Sul fronte software, il telefono è dotato di Android 16 e TCL UI 9.0. In questo ambito, il marchio pone una notevole enfasi sulle funzionalità relative sia allo schermo che all'intelligenza artificiale. Sono presenti strumenti per la scrittura, la trascrizione, la sintesi di note vocali, la traduzione in tempo reale, i sottotitoli, un generatore di audiolibri e l'editing di immagini. Sulla carta, sembra ambizioso, ma l'aspetto importante è che queste funzionalità non risultano forzate. Su un telefono così focalizzato sulla fruizione di testi, la lettura e la produttività leggera, sono perfettamente integrate.
Camera d'aria
Il TCL NXTPAPER 70 Pro dà chiaramente priorità ad alcuni aspetti, in particolare alla fotografia. È dotato di una fotocamera principale da 50 megapixel, un obiettivo ultra grandangolare da 8 megapixel e una fotocamera frontale da 32 megapixel. Il risultato, in poche parole, è "adeguato".

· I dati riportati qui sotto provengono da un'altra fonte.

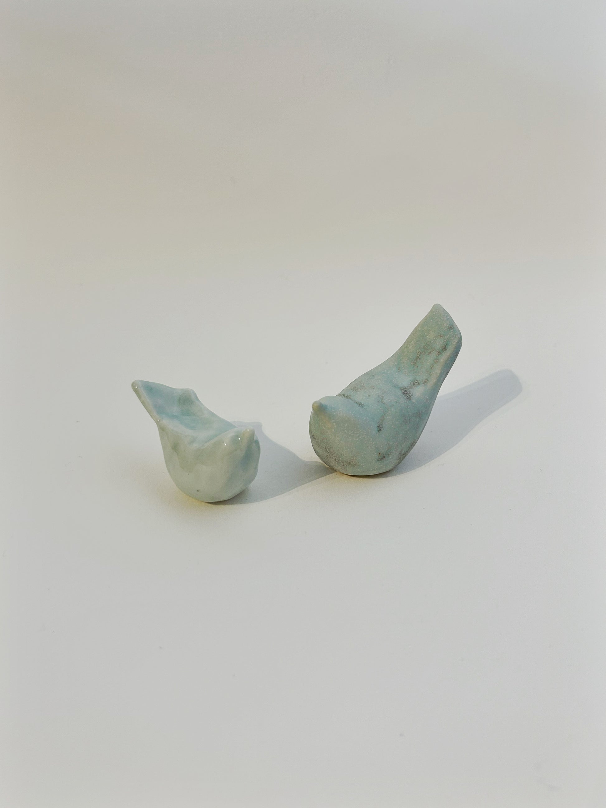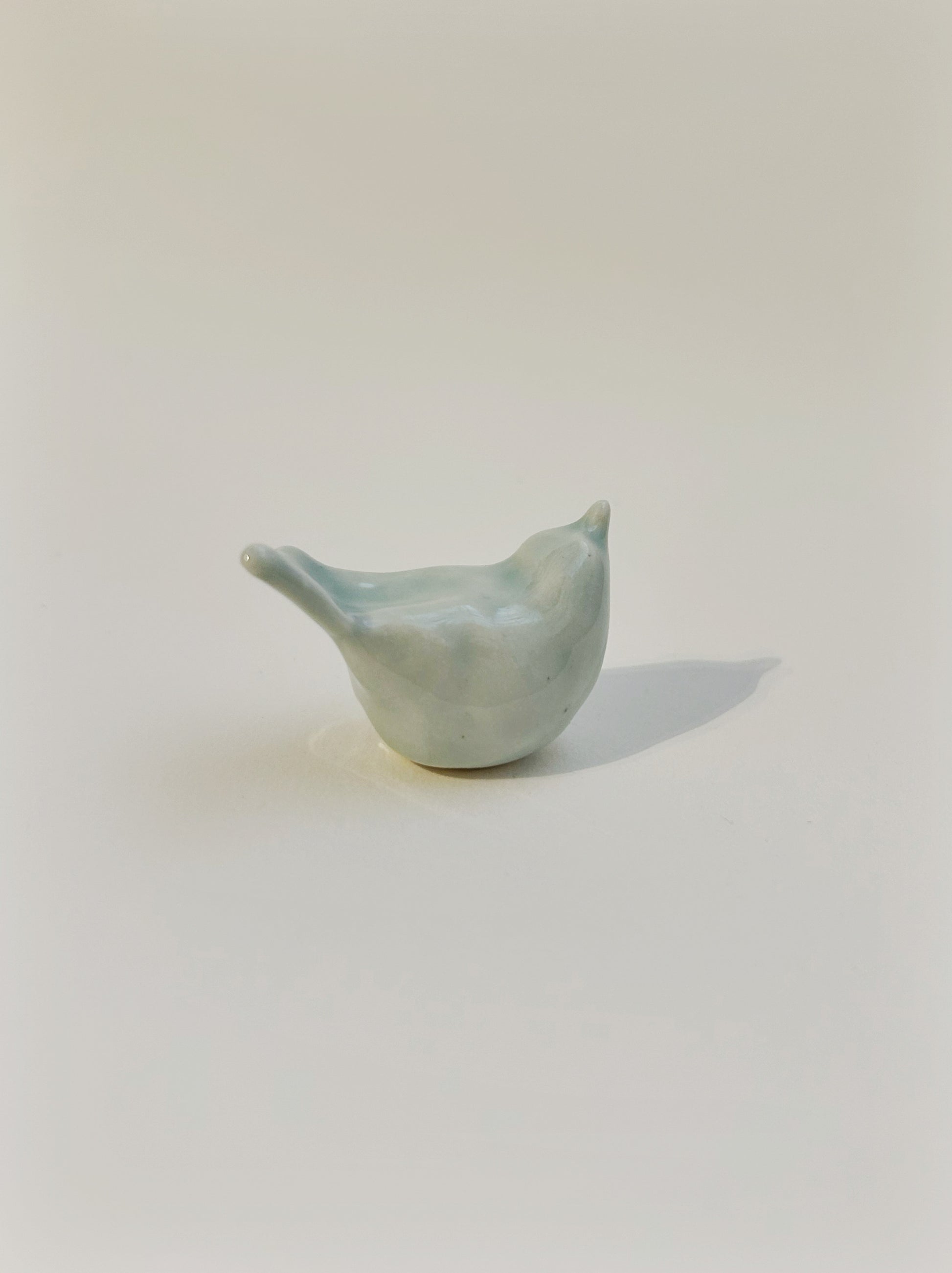 Each bird is sculpted by hand using either stone ware clay or fine porcelain. Each little bird is unique with its own character.
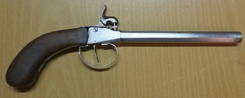 ich verkaufe hier ein Perkussion Terzerol in einem relativ – für sein Alter – gutem Zustand, der dürfte so zwischen 1850 -1860 liegen. Stempel oder Punzen sind nicht vorhanden. Der Lauf hat mit dem Messschieber gemessen innen einen Durchmesser von 10,3mm und ist Glatt. Der Lauf ist durchgehend frei – ist nicht wie sonst üblich bei sehr alten Waffen innen restlos Verkrustet oder Verrostet, sondern erstaunlich sauber. Der Lauf hat eine Länge von 155mm. Das Piston ist nicht zerschlagen und lässt sich gut ein und ausschrauben. Der Abzugsbügel wurde wohl ersetzt oder erneuert. Lediglich die Schlagfeder ist etwas zu schwach – was zur Folge hat das der Hahn nicht immer einrastet – es hilft, wenn man den Abzug hierbei leicht unterstützt und gering vorne drückt - hier müsste sie entweder aufgearbeitet oder erneuert werden. Meiner Meinung nach ein durchaus Sammler würdiges Belegstück. Bitte sich die Bilder ansehen sie sind Teil der Beschreibung, sie kaufen das was sie sehen, auf Wunsch kann ich aber noch welche zusenden. Hier noch ein Hinweis aus gegebenem Anlass da es Mode geworden ist nach dem Erwerb sich zu Beschweren – Sie ist Alt – ist nicht Makellos – hat sicherlich den einen und anderen Fehler – ich beschreibe hier nicht jede Kleinigkeit, Fehler, jeden Markel. Fragen stellt bitte vorher wer damit nicht einverstanden ist bitte nicht bieten. Und zum Schluss noch das Übliche das schreibt das neue EU-Gesetz vor, nachfolgenden Vermerk aufzuführen: "Ich verkaufe bei meinen Auktionen ausschließlich Gebrauchtware, sofern nicht anders beschrieben. Diese Waren sind aus meinem Privatbesitz und ich verfolge mit meinen Auktionen keinerlei gewerbliche Zwecke. Eine Rechnung gibt es hierfür nicht. Da mittlerweile auch Privatverkäufer ein Jahr Gewähr leisten müssen, wenn sie das nicht ausschließen, erkläre ich hiermit ausdrücklich, dass ich für meine privat versteigerten Artikel keine Gewährleistung und keine Rücknahme übernehme. Mit der Abgabe eines Gebotes erklären Sie sich ausdrücklich damit einverstanden, auf die Ihnen nach neuem EU-Recht gesetzlich zustehende Gewährleistung/Garantie bei Gebrauchtwaren völlig zu verzichten. Somit ist eine Sachmängelleistung, Garantie - Rückgabe - Umtausch – Nachverhandlungen und der gleichen ausgeschlossen.
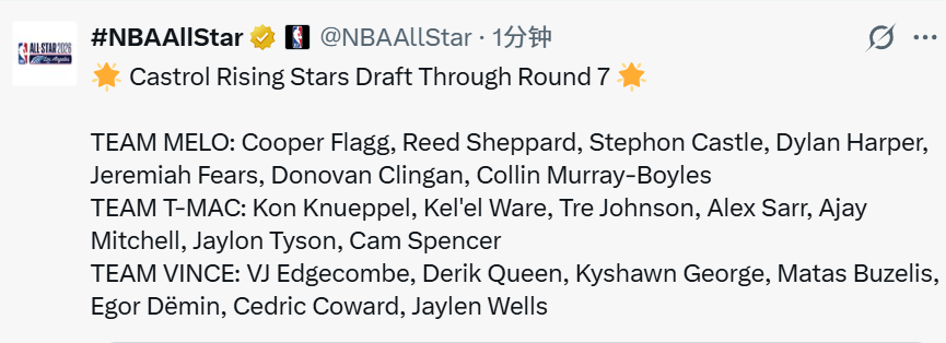 北京时间1月28日,NBA全明星新秀赛的分队选秀,执教三支球队的安东尼、麦迪和卡特挑选了各自心仪的球员,组成7人小队。在这次选秀中,独行侠的弗拉格成为状元秀,被安东尼率先挑走。而麦迪在第二顺位选走了黄蜂的克努佩尔,卡特则在第三顺位选走76人的埃奇库姆。杨瀚森此前确定入选发展联盟代表队,征战NBA新秀赛。
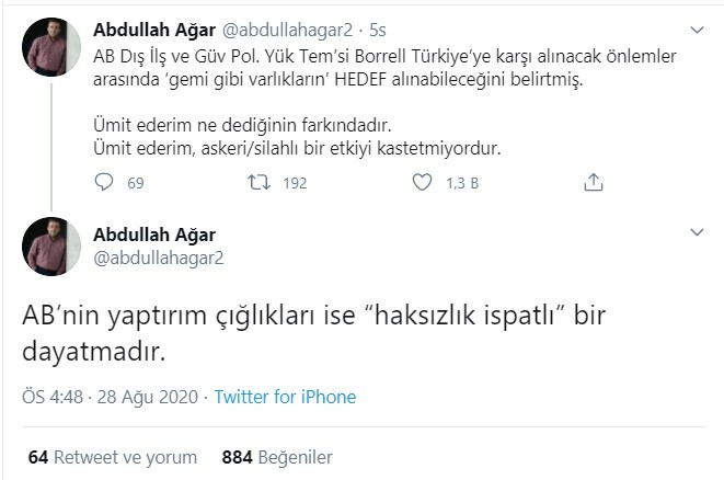 AB Yüksek Temsilcisi Josep Borrel, yaptığı açıklamada "gemi gibi varlıkların hedef alınabileceğini" açıklaması üzerine Terör ve Güvenlik Uzmanı Abdullah Ağar tepki gösterdi.
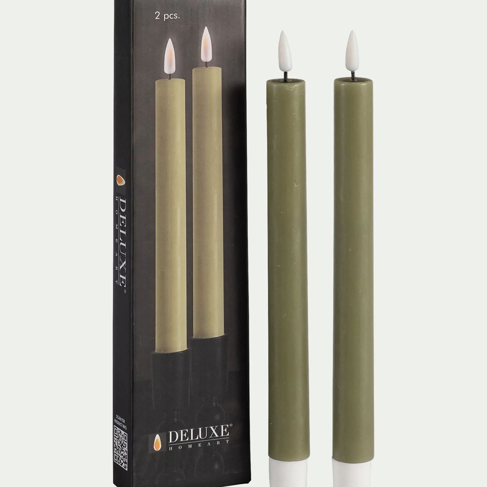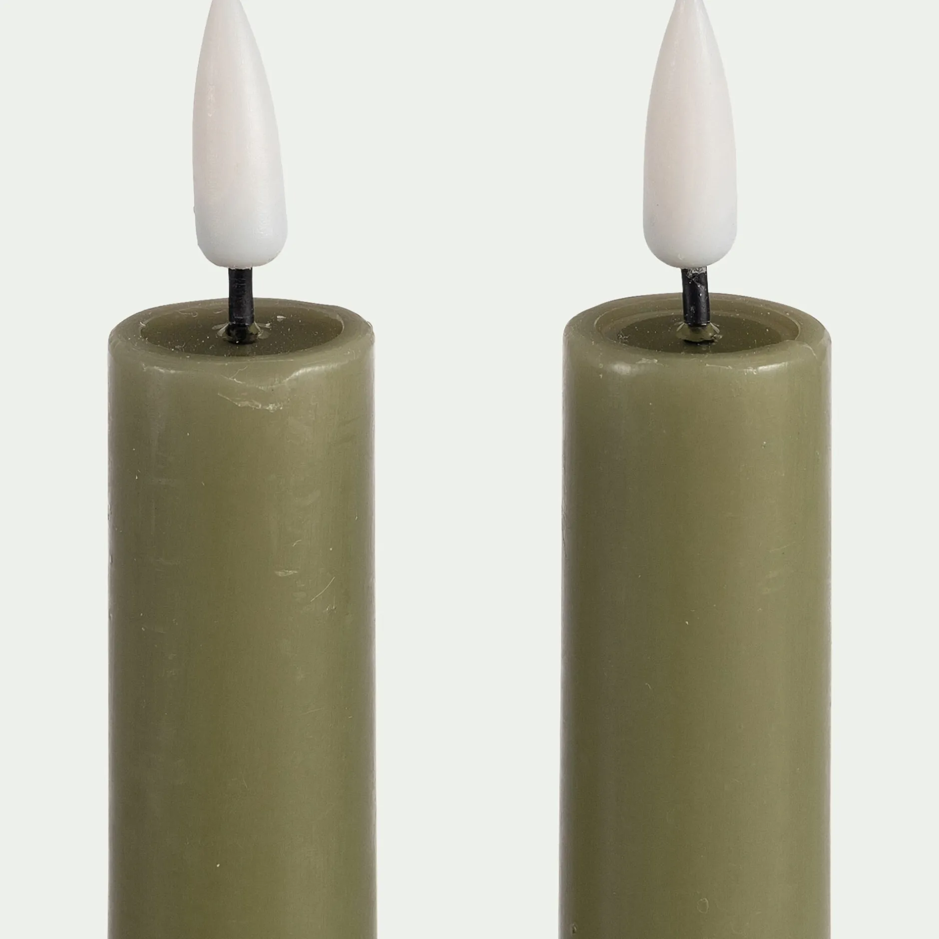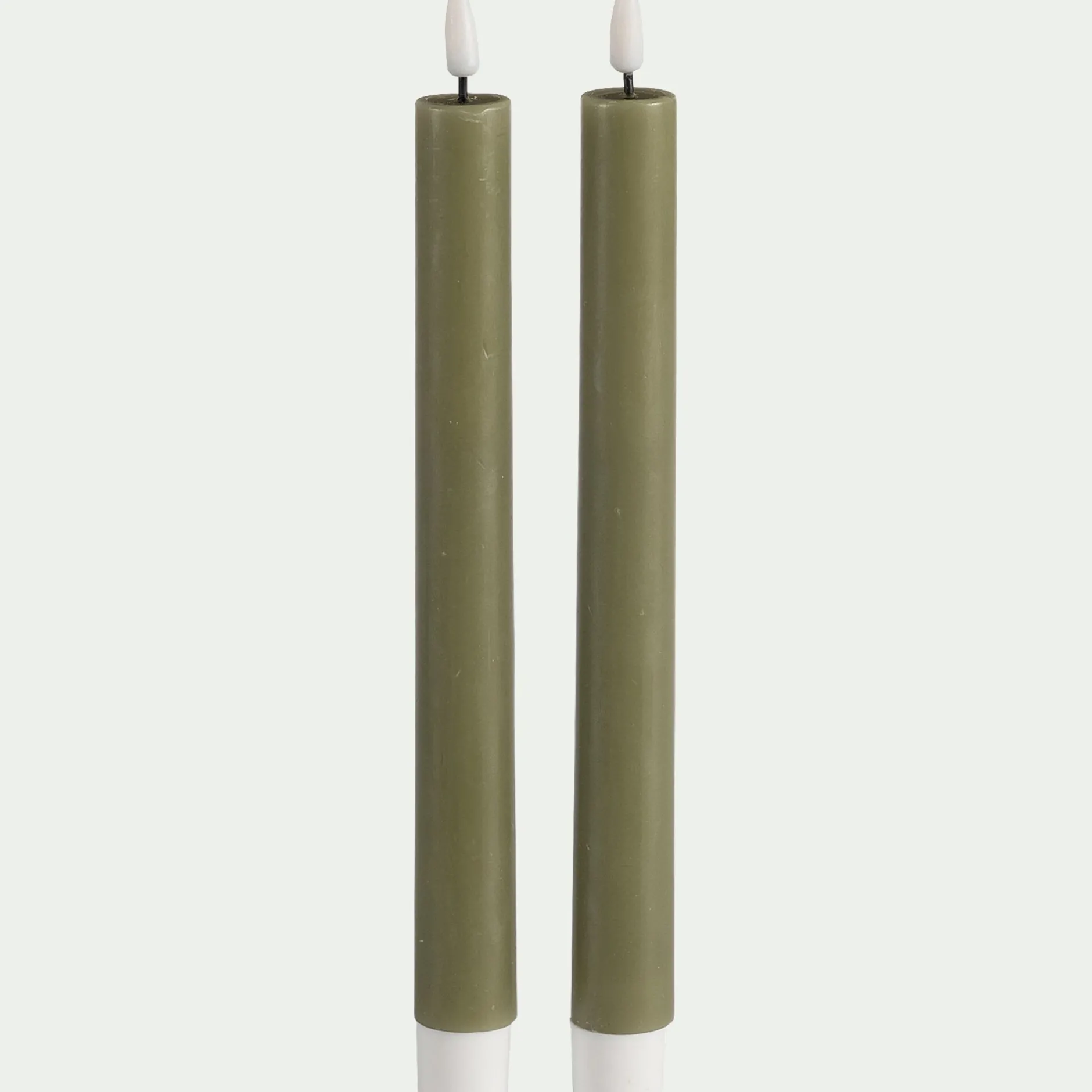 Découvrez ce joli lot de chandelles à LED. Elles arborent un design élégant et classique, ainsi qu’une technologie LED moderne pour un produit durable. Fabriquée en paraffine, chacune de ces chandelles est munie d’une mèche en plexiglas, contenant une LED blanc chaud pour une lueur de charme. De couleur verte, c’est la touche parfaite pour votre dressage de table lors de repas de fêtes ou autres occasions. Combinez ces chandelles LED à piles avec les chandeliers qui conviennent afin de créer un bel élément déco pour votre table.

In condizioni di buona illuminazione, la fotocamera principale offre risultati piacevoli, con colori vivaci e prestazioni adeguate per foto quotidiane, social media e messaggistica. Non è una fotocamera problematica per l'utente medio, ma non suscita nemmeno grandi aspettative. Tuttavia, in condizioni di scarsa illuminazione o quando si utilizza uno zoom eccessivo, i suoi limiti diventano evidenti. L'obiettivo ultra grandangolare è appena sufficiente, lo zoom oltre il 2x diventa sostanzialmente inutile e la registrazione video si attesta su un livello mediocre, appena accettabile.
Non lo considero necessariamente un difetto grave, perché questo telefono non punta a proporsi come dispositivo con la fotocamera all'avanguardia. Ma è importante essere chiari: chi cerca un telefono incentrato sulla fotocamera non lo troverà qui. Questo è un telefono che investe denaro e attenzione nello schermo. La fotocamera serve a svolgere il suo lavoro, non a mettersi in mostra.